Lead partner: Cytec
Other partners: AEL, Assyst Bullmer and Gudel
The aim of this project is to develop and demonstrate a significant reduction in the cost of selected composite element(s) in a tidal turbine blade through (a) Optimised component design (probably a single-piece spar) (b) Evaluation of current manufacturing processes and (c) Development of bespoke ‘automated’ solutions for the manipulation of large, unwieldy prepreg plies. At the end of the project we expect to demonstrate and show advances on the state-of-art through the cutting, picking, placing and forming of prepreg materials.
As on date, we have achieved the following:
– Reduce waste and consequently the production costs by optimization of the nest.
– A comparison study of 600 vs 1200 mm wide UD that shows 1200 mm wide UD to be cost effective as compared to 600 mm.
– Optimum method of ply stacking/drawer optimisation for storing cut plies.
The next step to take this work further is to develop specifications of equipment needed to automate the process of cutting, picking and placing in storage and storage solution.

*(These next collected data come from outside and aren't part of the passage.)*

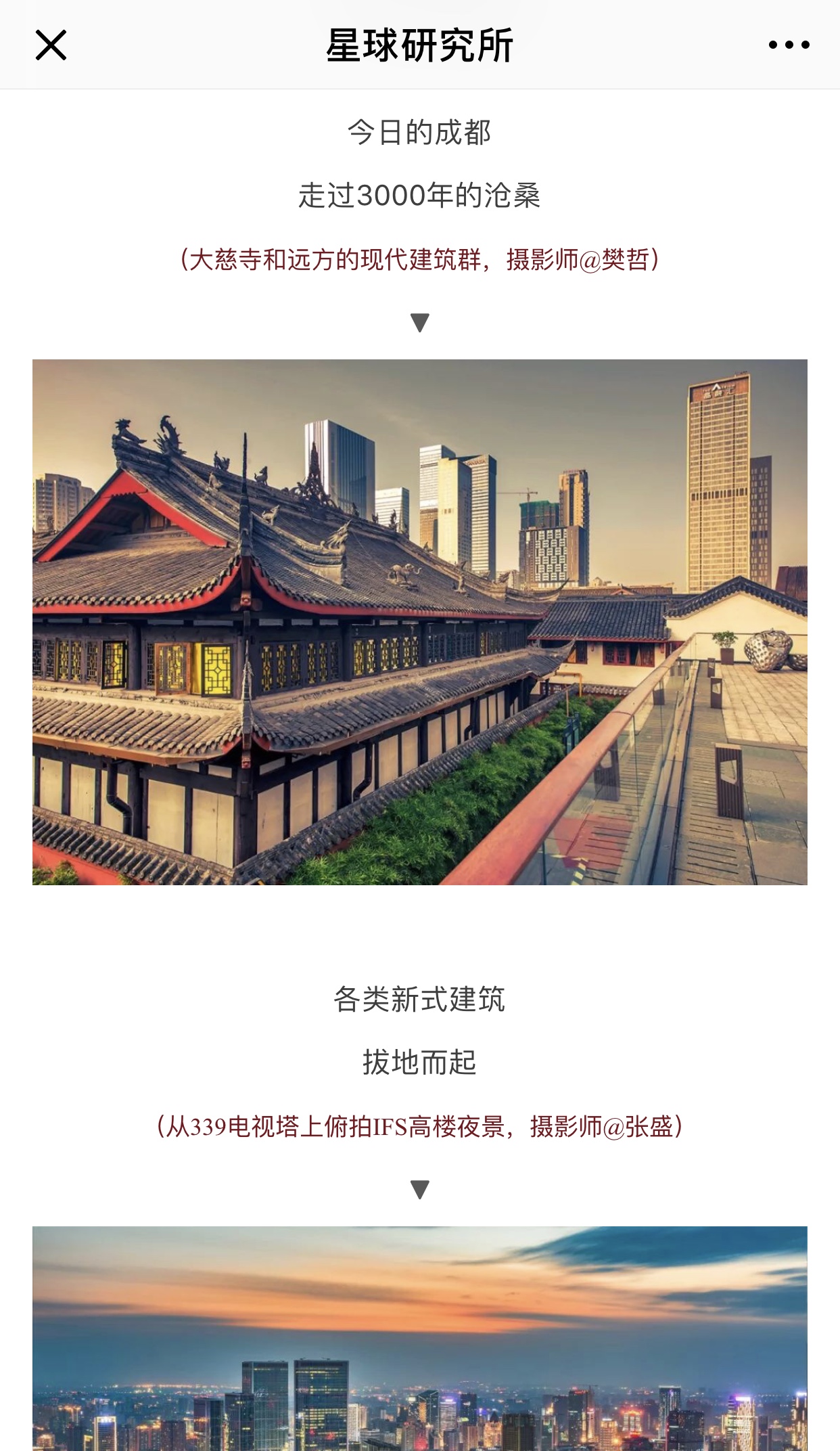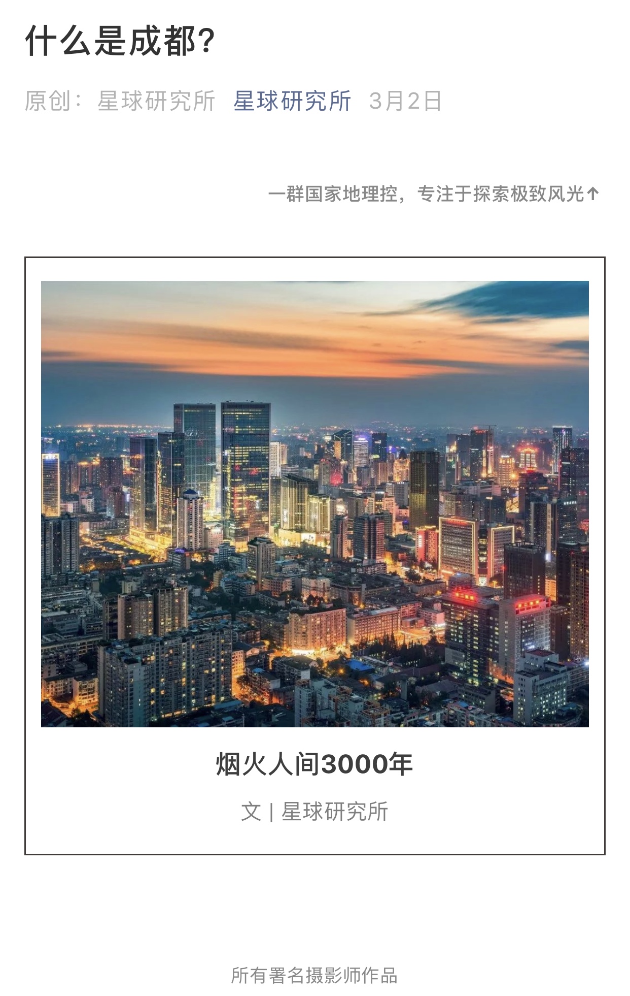 《什么是成都》从成都的诞生讲起,盘点其3000年的烟火人间。最令人震撼的是,全文穿插70多张高清精美配图,其中不乏许多大航拍、大全景横图,被网友称为“美到都可以拿来收藏做桌面”。
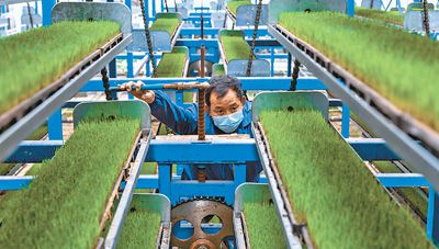 3月24日,江西省吉安市吉水縣醪橋鎮黃泥洞農業科技智能化育苗工廠工作人員,在廠棚區里對機械進行精心調試,并仔細觀察新育秧苗生長發育趨勢,確保今年早稻秧苗品質優良,為今年早稻豐收、農民增收打下良好基礎。
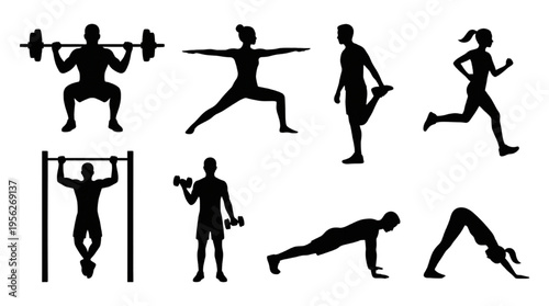 Fitness and Gym Workout Silhouette Vector Set: Weightlifting, Yoga, Stretching, and Running Characters
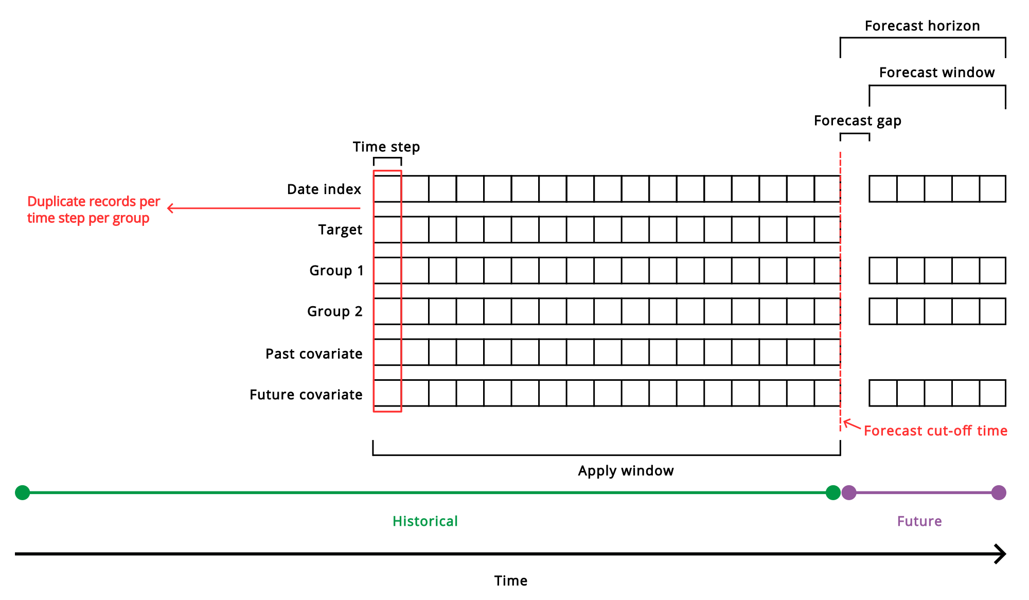 적용 기간은 사용자의 훈련 구성에서 자동으로 식별됩니다. 주어진 예측 기간에 대한 예측을 생성하려면 최소한 적용 기간을 포함하는 과거 데이터를 제공해야 합니다. 이는 적용 데이터세트에서 제공됩니다. 적용 데이터 집합 준비을 참조하십시오.
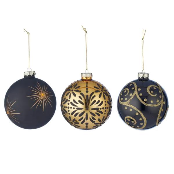 10 in stock10cm Glass Bauble Glitter Blk/Gld 3asst
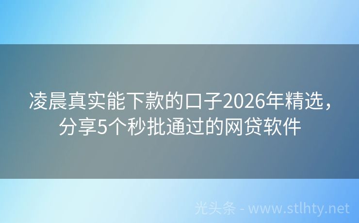 凌晨真实能下款的口子2026年精选,分享5个秒批通过的网贷软件
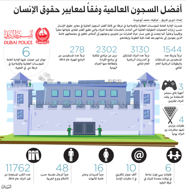 وأضاف مدير إدارة تعليم وتدريب النزلاء بالإدارة العامة للمؤسسات العقابية والإصلاحية في شرطة دبي أن مكتبة النزلاء من الأقسام المهمة التي تبقي النزيل على اتصال دائم مع العالم الخارجي، من خلال الخدمة التي تقدمها المكتبة من استعارة الكتب وتوفير الصحف اليومية، كما تم افتتاح المكتبة الإلكترونية التي تحتوي على 10 آلاف عنوان، وأنه تم تعميمها على الأقسام كافة، ويبلغ عددها 3 مكتبات إلكترونية، كما يوجد في المكتبة 9 آلاف كتاب بـ24 لغة، كي يستفيد منها جميع نزلاء المؤسسات العقابية.
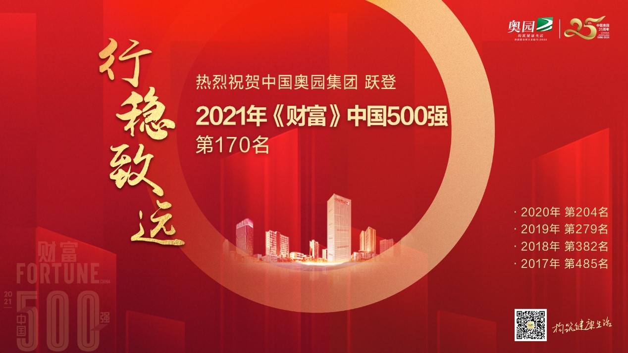 2021《財富》中國500強揭榜 中國奧園排名五連升 榮列第170名
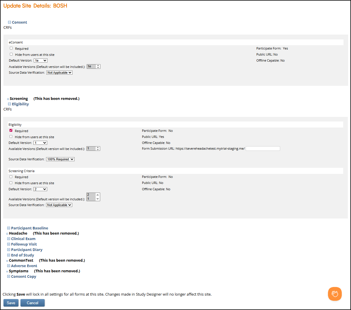 - If a new form is created after site settings are saved, the form will automatically inherit its configuration and any subsequent settings changes from Study Designer.
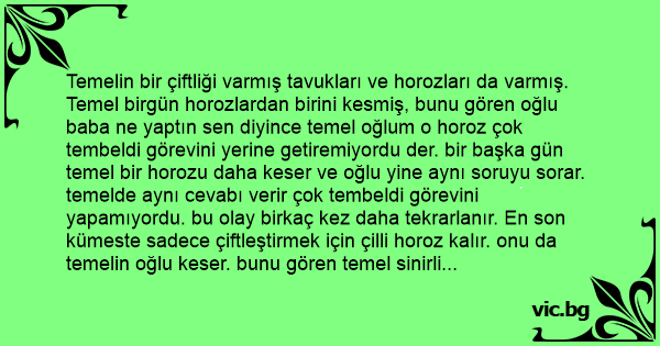 Temelin bir çiftliği varmış tavukları ve horozları da varmış. Temel birgün horozlardan birini kesmiş, bunu gören oğlu baba ne yaptın sen diyince temel oğlum o horoz çok tembeldi görevini yerine getiremiyordu der. bir başka gün temel bir horozu daha keser ve oğlu yine aynı soruyu sorar. temelde aynı cevabı verir çok tembeldi görevini yapamıyordu. bu olay birkaç kez daha tekrarlanır. En son kümeste sadece çiftleştirmek için çilli horoz kalır. onu da temelin oğlu keser. bunu gören temel sinirli bir şekilde sorar. ne yaptın oğlum se kalan tek horozu kestin. oglu cevap verir. baba en tembel horoz buydu görevini yapamıyordu hep kendisini tavuklara taşıtıyordu.
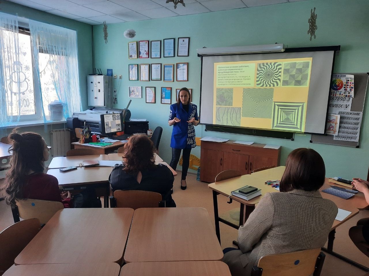 Педагог дополнительного образования Короткова Татьяна Александровна провела мастер-класс на тему "Оптическое рисование".Вместе с коллегами изучили необычные методы подхода к изображениям, расширили представления использования обычных линий. Такое рисование способствует работе творческого мышления.

ATTOM will develop affordable tidal turbines via optimised manufacture. It is vital for all renewable energy projects that efforts are made to reduce costs, as renewable energy is still significantly more expensive than conventional non-green sources. In the area of composite blades for tidal turbines, many recent advances have been made in material formats, reducing cost by developing cheaper and better performing materials.
2014 will see the start of series-production of tidal turbine installations with rapid growth forecasted. In order to ensure that the supply chain is ready for this growth, the ATTOM project proposes investigate the potential for automation or improved materials handling methods as a further route to cost reduction, alongside factors that may affect production line layout and the possible solutions to specific quality control problems.
ATTOM will contribute to developing a UK-based supply chain that can produce tidal turbine blades at 20% reduction in cost through the use of automated/mechanised lamination techniques and improved design. It will demonstrate this by designing and manufacturing selected mouldings for automated/mechanised production methods, thus proving the potential for job creation by creating 70 jobs within the life of the project.